The order of the portraits in this exhibition follows, as much as possible, the structure of Disdéri’s Catalogue No. 5, which he issued on 15 March 1861 under the title Publication des contemporains et sommités artistiques et littéraires. Some 512 names are given in the catalogue, grouped into 12 different categories, not counting the last three pages, which list some of the Algerian views issued by Disdéri in carte-de-visite format.
 
The twelve categories into which the portraits are grouped by and large adhere to the hierarchical structure of nineteenth-century society, the Imperial family being the first category given (7), followed by princes and princess of the imperial family (19). The next category, which is untitled, includes the pope and high-ranking prelates (15); then come foreign princes and princesses (41), ministers (12), marshals (11), admirals (16), generals (97), leading figures [sommités] (99), and artists (14). The next category groups writers, authors and composers together (43), while the last category, by the far the largest with 138 names, lists actors, opera singers, musicians, ballet dancers and all other performers under ‘dramatic artists.’ Within each category, the sitters are listed in alphabetical order.
 
The structured categorization of the portraits in Disdéri’s catalogue is the reason that some husbands and wives are not listed together in this exhibition.
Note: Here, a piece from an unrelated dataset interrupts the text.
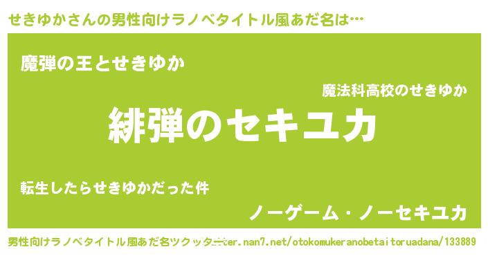| 女子向けラノベタイトル風あだ名 | 『シンデレラせきゆか家の靴箱館』 |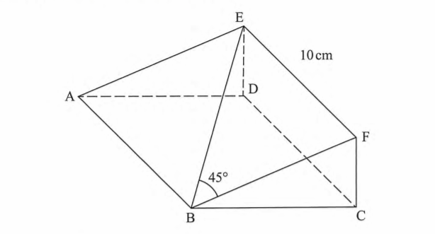4. The figure below represents a wedge ABCDEF. EF 10 cm, angle FBE 45° and the angle between the planes ABFE and ABCD is 20°.

Count Walewski, for example, appears in the catalogue under ‘Ministers’ and Marshal Pelissier under ‘Marshals,’ while their wives both appear later in the catalogue under ‘Sommités.’
 
Of the cartes-de-visite chosen for this exhibition, only a handful don’t correspond to a name given in the catalogue, namely: the Disdéri self-portraits, Prince Victor Napoléon, Marquis of Douglas, Empress Carlotta of Mexico, Prince and Princess Metternich, Duchess of Sutherland, Baron James de Rothschild, the Annamite ambassadors, Abd el-Kader, Rosa Bonheur, the dancer Mlle Mercier and Henri de Lutteroth. Although at least one of these portraits was probably taken prior to the date the catalogue was published, the reason the others names don’t appear in the catalogue is almost certainly because they had not yet visited Disdéri’s studio.
 
Of those names that do appear in both the catalogue and the exhibition, since the catalogue is not illustrated there is no way of knowing if the portrait in the exhibition is the one which a customer would have received in 1861, or a different portrait, the result of a second or third sitting conducted at a later date. For example, the portrait of the Belgian soprano Marie Sax chosen for this exhibition shows her costumed for Meyerbeer’s L’Africaine, but since this opera’s first performance wasn’t until 1865, this particular portrait of the singer would not have been available in 1861.
 
Some names and titles in the exhibition have been translated into English, while in other cases, the original French has been retained, ‘Comte de Persigny’ and ‘Duc de Gramont’ being preferable to the more awkward ‘Count of Persigny’ and ‘Duke of Gramont.’